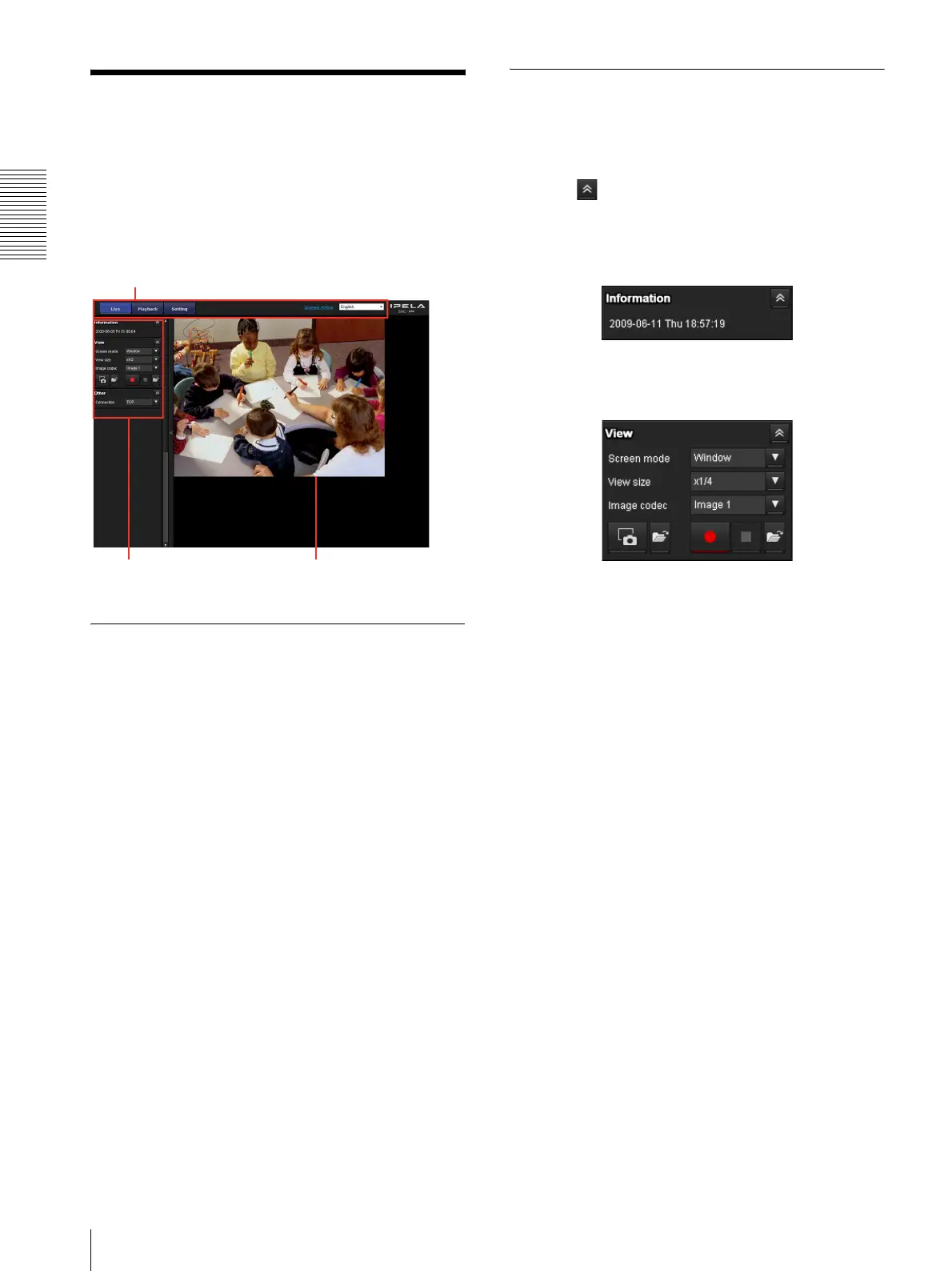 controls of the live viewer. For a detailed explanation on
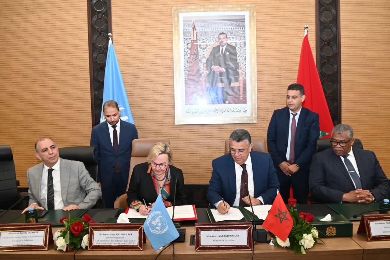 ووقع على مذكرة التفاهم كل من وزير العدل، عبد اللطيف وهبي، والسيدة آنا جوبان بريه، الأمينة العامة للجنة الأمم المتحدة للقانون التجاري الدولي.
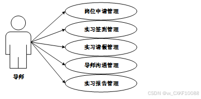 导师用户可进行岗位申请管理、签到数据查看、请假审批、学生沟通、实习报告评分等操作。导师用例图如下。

...

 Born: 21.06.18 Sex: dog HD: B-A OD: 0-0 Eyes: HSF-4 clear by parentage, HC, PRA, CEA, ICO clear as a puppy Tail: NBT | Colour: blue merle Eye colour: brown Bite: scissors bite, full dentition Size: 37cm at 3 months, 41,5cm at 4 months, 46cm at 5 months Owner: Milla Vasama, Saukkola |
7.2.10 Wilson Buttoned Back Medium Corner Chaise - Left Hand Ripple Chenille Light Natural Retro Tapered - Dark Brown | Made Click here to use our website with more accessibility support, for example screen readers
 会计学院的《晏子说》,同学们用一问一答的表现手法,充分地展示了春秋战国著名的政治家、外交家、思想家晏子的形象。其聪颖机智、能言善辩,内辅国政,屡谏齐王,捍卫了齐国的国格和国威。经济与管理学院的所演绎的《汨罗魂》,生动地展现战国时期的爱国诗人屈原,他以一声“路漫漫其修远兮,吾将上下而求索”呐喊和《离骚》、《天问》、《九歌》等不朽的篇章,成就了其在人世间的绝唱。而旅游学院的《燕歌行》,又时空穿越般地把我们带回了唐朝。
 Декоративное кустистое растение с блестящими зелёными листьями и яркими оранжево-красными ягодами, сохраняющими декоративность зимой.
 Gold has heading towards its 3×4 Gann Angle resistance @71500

→ What to work on: Your task is to copy only the lines above starting at the one containing "controls of the" and ending at the one containing "导师用户可进行岗位申请管理、". Copy them exactly, both ends included, and omit the pictures.

→ Answer section:
 controls of the live viewer. For a detailed explanation on
 ووقع على مذكرة التفاهم كل من وزير العدل، عبد اللطيف وهبي، والسيدة آنا جوبان بريه، الأمينة العامة للجنة الأمم المتحدة للقانون التجاري الدولي.
 导师用户可进行岗位申请管理、签到数据查看、请假审批、学生沟通、实习报告评分等操作。导师用例图如下。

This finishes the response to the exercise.